*** Opening of Data provided ***

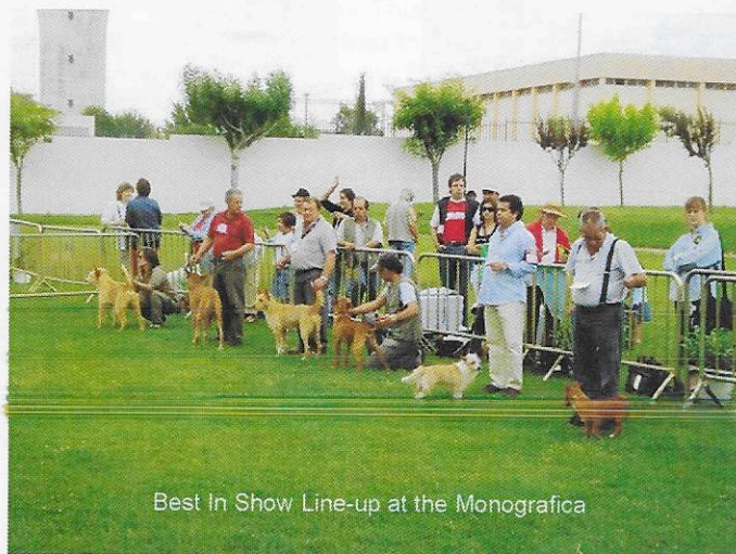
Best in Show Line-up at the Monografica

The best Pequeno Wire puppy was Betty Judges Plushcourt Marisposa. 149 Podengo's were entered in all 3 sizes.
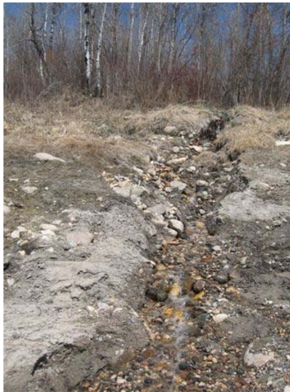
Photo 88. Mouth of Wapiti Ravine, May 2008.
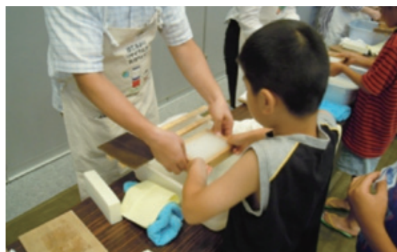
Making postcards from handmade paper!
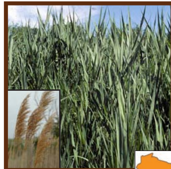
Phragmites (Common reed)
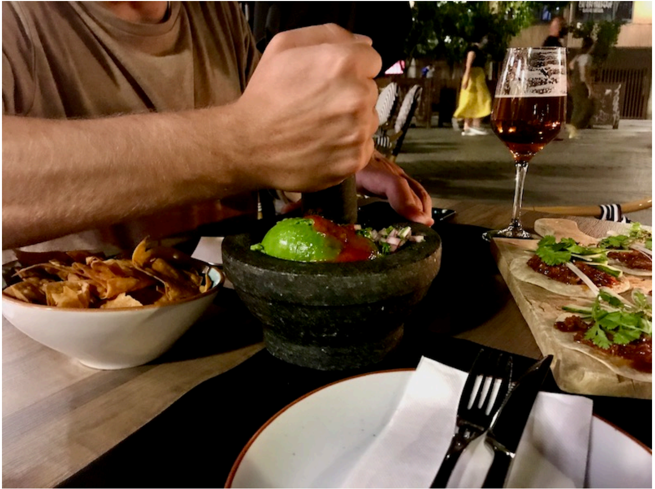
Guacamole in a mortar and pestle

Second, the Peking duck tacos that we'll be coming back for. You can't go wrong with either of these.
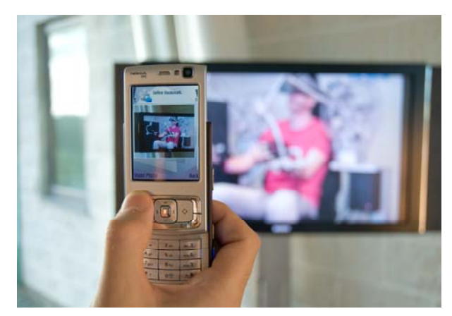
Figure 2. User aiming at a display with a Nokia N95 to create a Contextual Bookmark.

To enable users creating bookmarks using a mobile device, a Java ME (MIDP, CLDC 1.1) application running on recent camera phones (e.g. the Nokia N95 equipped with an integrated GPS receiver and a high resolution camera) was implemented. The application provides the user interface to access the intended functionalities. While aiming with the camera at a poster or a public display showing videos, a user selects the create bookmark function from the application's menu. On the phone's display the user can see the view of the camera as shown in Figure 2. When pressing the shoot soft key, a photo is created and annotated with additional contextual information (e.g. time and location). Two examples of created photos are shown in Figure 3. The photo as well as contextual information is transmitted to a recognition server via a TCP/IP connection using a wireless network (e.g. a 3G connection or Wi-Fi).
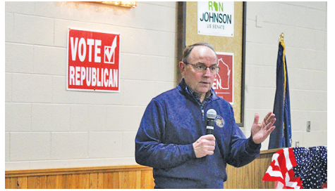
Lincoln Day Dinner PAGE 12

*** Close of Data provided ***
*** Opening of Data provided ***

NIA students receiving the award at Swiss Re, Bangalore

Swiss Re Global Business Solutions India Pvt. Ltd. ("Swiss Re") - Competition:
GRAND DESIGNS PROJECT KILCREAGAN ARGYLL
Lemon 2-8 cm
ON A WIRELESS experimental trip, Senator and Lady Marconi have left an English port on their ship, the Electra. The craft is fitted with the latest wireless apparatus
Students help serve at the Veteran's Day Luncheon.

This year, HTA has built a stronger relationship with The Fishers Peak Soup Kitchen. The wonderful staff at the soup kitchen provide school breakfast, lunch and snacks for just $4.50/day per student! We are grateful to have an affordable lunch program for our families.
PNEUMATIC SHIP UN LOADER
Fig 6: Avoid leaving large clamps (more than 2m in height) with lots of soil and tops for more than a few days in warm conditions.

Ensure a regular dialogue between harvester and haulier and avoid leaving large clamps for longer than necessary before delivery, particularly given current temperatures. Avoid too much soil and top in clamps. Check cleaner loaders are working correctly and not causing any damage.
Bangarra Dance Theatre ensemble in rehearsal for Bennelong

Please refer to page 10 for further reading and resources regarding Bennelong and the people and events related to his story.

*** Close of Data provided ***
*** Opening of Data provided ***

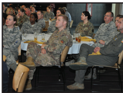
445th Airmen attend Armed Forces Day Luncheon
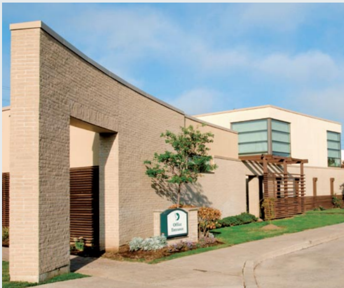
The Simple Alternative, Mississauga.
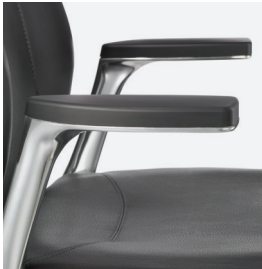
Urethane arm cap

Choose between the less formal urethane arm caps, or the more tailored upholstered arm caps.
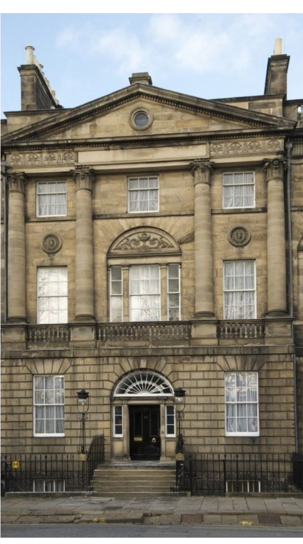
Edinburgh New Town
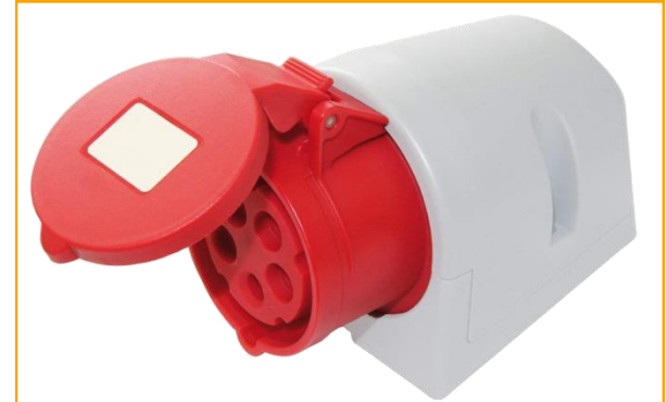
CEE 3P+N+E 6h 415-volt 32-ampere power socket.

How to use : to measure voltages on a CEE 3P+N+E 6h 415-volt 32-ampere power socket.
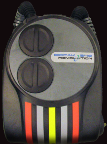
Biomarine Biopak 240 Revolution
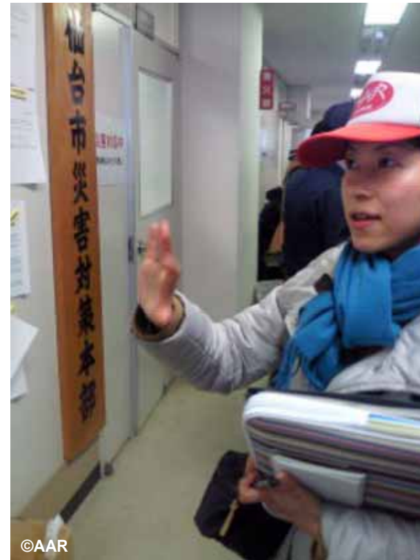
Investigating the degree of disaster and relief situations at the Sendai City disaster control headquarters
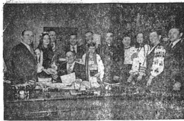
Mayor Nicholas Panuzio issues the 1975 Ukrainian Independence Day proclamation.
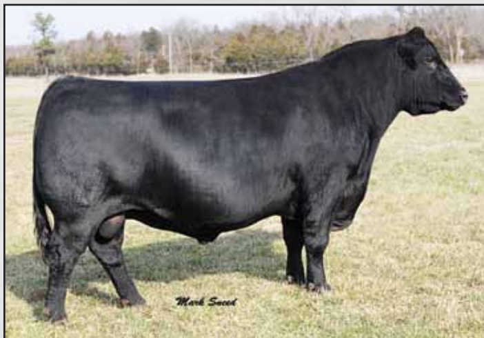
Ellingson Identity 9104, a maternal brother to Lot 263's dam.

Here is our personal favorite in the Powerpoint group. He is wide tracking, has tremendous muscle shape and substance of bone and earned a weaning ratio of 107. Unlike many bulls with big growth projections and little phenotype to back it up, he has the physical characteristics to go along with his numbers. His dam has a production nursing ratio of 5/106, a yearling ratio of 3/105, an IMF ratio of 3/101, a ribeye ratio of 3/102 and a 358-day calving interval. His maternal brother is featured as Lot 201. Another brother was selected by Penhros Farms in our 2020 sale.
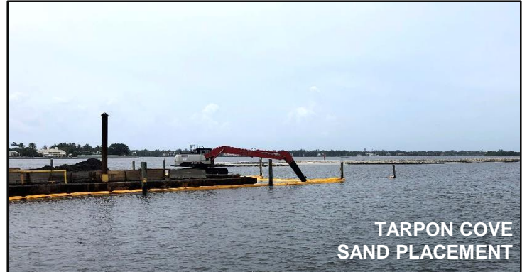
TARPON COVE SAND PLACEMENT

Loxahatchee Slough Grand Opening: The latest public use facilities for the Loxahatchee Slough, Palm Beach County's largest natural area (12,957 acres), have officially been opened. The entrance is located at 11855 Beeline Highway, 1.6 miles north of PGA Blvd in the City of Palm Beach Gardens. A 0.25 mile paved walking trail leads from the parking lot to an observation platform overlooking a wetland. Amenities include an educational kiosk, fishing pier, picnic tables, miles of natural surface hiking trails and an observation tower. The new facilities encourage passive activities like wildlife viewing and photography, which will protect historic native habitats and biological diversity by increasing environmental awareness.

*** Close of Data provided ***

:: Task ::
In the entries above, find the line containing "Best in Show Line-up at the Monografica" and the line containing "Lincoln Day Dinner PAGE 12"; give again exactly those two lines and every line between them, minus the pictures.

:: Completed task ::
Best in Show Line-up at the Monografica

The best Pequeno Wire puppy was Betty Judges Plushcourt Marisposa. 149 Podengo's were entered in all 3 sizes.
Photo 88. Mouth of Wapiti Ravine, May 2008.
Making postcards from handmade paper!
Phragmites (Common reed)
Guacamole in a mortar and pestle

Second, the Peking duck tacos that we'll be coming back for. You can't go wrong with either of these.
Figure 2. User aiming at a display with a Nokia N95 to create a Contextual Bookmark.

To enable users creating bookmarks using a mobile device, a Java ME (MIDP, CLDC 1.1) application running on recent camera phones (e.g. the Nokia N95 equipped with an integrated GPS receiver and a high resolution camera) was implemented. The application provides the user interface to access the intended functionalities. While aiming with the camera at a poster or a public display showing videos, a user selects the create bookmark function from the application's menu. On the phone's display the user can see the view of the camera as shown in Figure 2. When pressing the shoot soft key, a photo is created and annotated with additional contextual information (e.g. time and location). Two examples of created photos are shown in Figure 3. The photo as well as contextual information is transmitted to a recognition server via a TCP/IP connection using a wireless network (e.g. a 3G connection or Wi-Fi).
Lincoln Day Dinner PAGE 12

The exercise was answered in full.